An interesting geometry problem about incenter and ellipses.
Let $I$ be the incenter of a triangle $ABC$. A point $X$ satisfies the conditions $XA+XB=IA+IB$, $XA+XC=IA+IC$. The points $Y,Z$ are defined similarly. Show that the lines $AX,BY,CZ$ are concurrent or parallel to each other.
My friend discovered this problem when he was drawing random ellipses for fun. But we have no idea how to solve such a problem because we literally know nothing about ellipses (except its definition). So I can't post where I'm stuck here. We're just curious to see the solution, whether or not it's elementary.
We do not know what kind of tags we should add because we do not know what methods are to be used. Please edit the tagging.
For the moment, I will just sketch an approach, and develop the calculations later. It will be clear soon that this approach has to work, so we may also leave the non-interesting computation part to a CAS. The key idea is highlighted.

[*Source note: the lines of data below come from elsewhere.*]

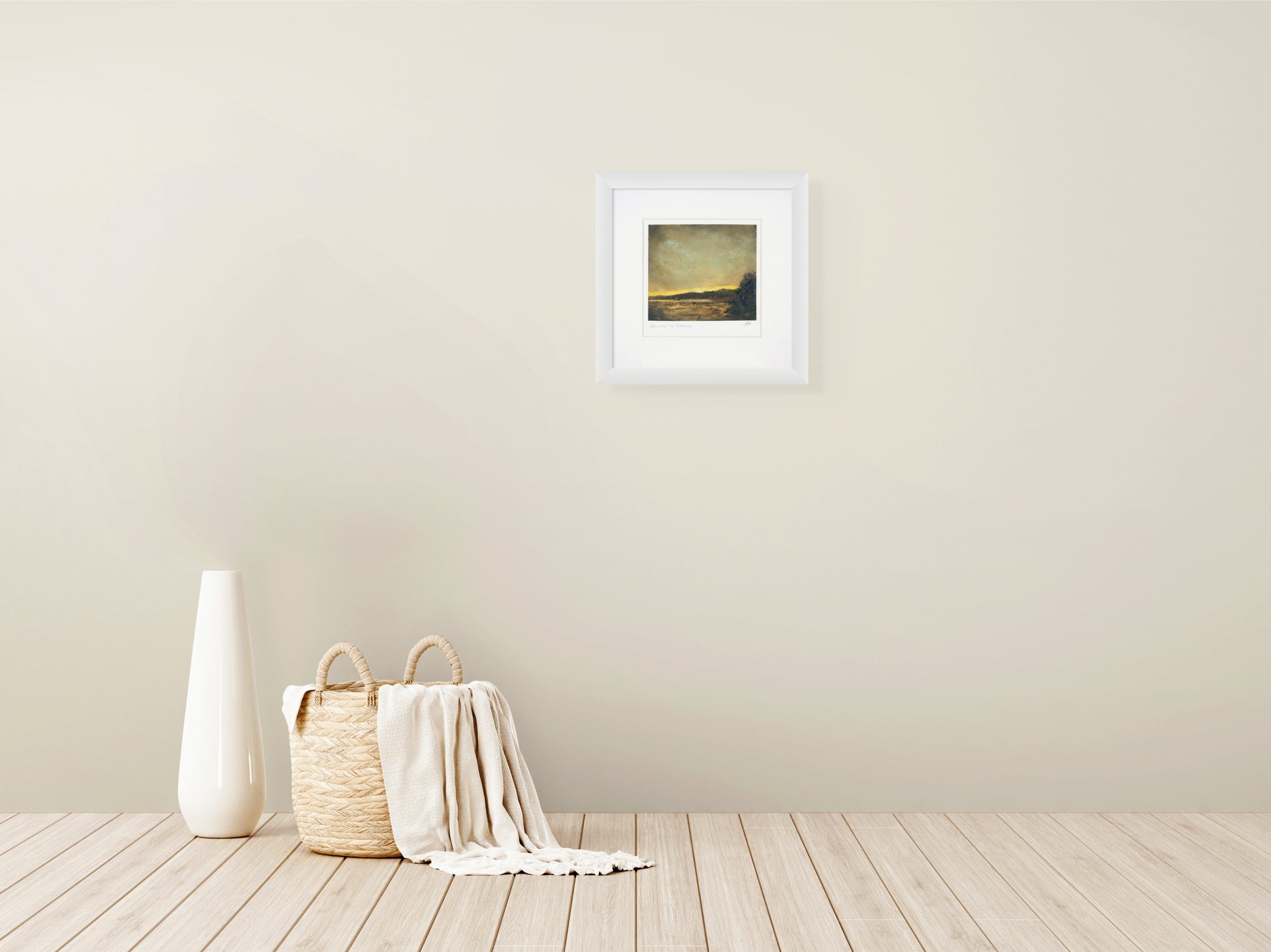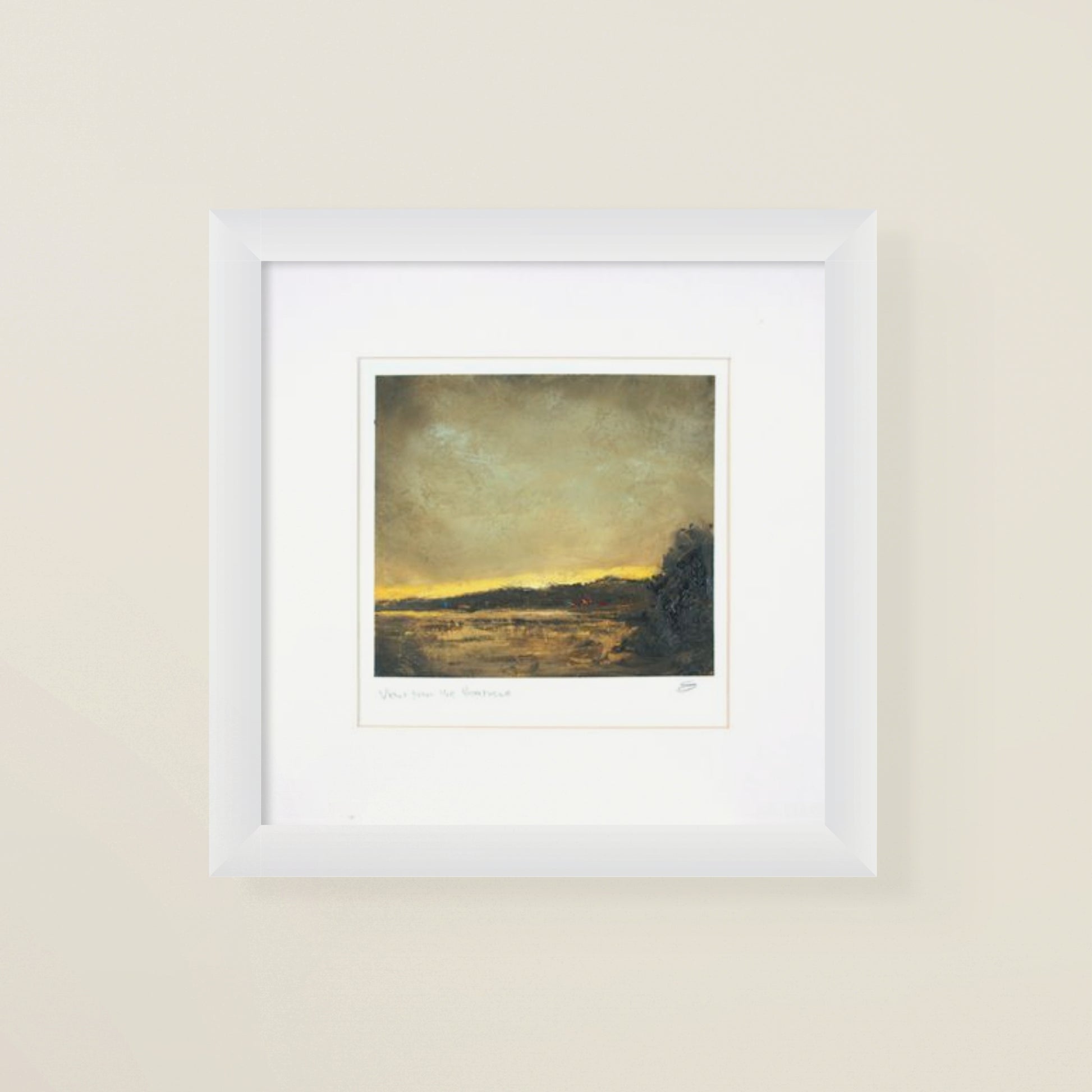 This ready to hang painting measures 7" x 6.3" and is mounted and presented in a 12" x 12" white wooden frame with glass glazing.
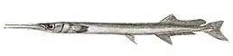 Риба до 1,2 м завдовжки. Тіло видовжене з довгою мордою із голкоподібними зубами. Полює на дрібну рибу. Може вночі нападати на світло ліхтаря смертельно ранячи людей.
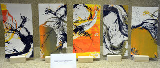 Sigrid Kiessling-Rossmann, links: Klangbild I, Holzschnitt-Unikat; rechts: Klangbild II, Holzschnitt-Unikat.
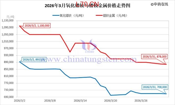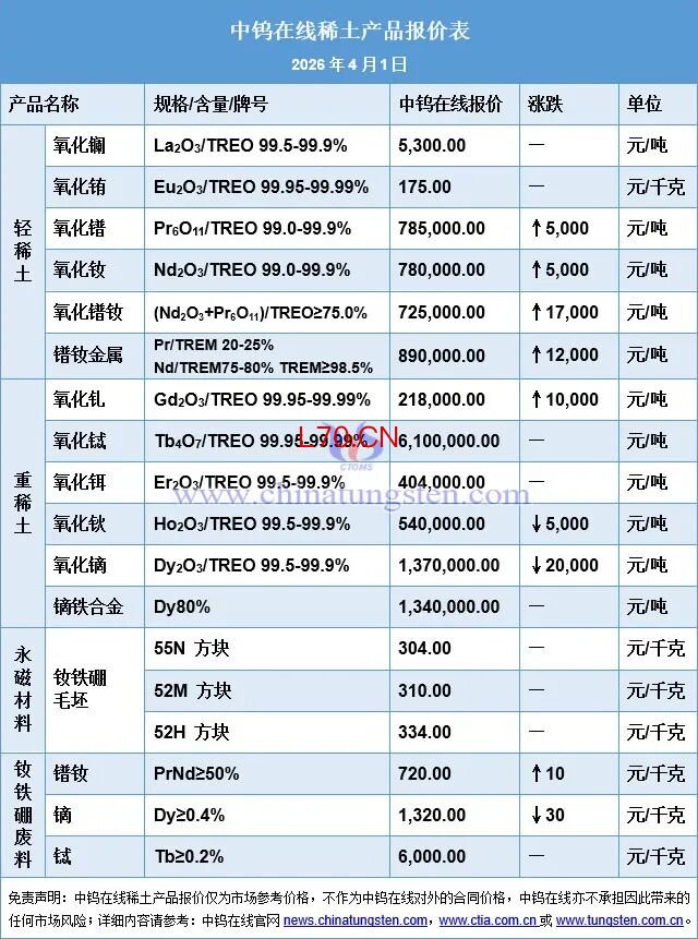 据中钨在线了解,2026年3月中国主流轻重稀土制品价格走势为震荡下降,其中氧化镨价格约降175000元/吨,降幅18.32%;氧化钕价格约降175000元/吨,降幅18.42%;氧化镨钕价格约降185000元/吨,降幅20.72%;镨钕金属价格约降222000元/吨,降幅20.18%;氧化铽价格约降450元/千克,降幅6.87%;氧化镝价格约降250000元/吨,降幅14.72%;镝铁合金价格约降260000元/吨,降幅16.25%。

- Concurrency and collinearity are straightforward to check through Ceva's theorem, hence we just have to compute the trilinear coordinates of $X,Y,Z$, then check that an associated determinant vanishes;
- The ellipses $\Gamma_A$ with foci at $B,C$ and $\Gamma_B$ with foci at $A,C$ are two conics meeting at two points. We may write down their trilinear equations and exploit Vieta's theorem to get the trilinear coordinates of $Z$, since the trilinear coordinates of $I$ are just $[1;1;1]$;
- In order to write down the trilinear equation of our ellipses it is enough to recall that $$ AI^2 = bc-4rR $$ and so on. By Vieta's theorem we do not even need all the coefficients of the trilinear equation, so computations are not that painful.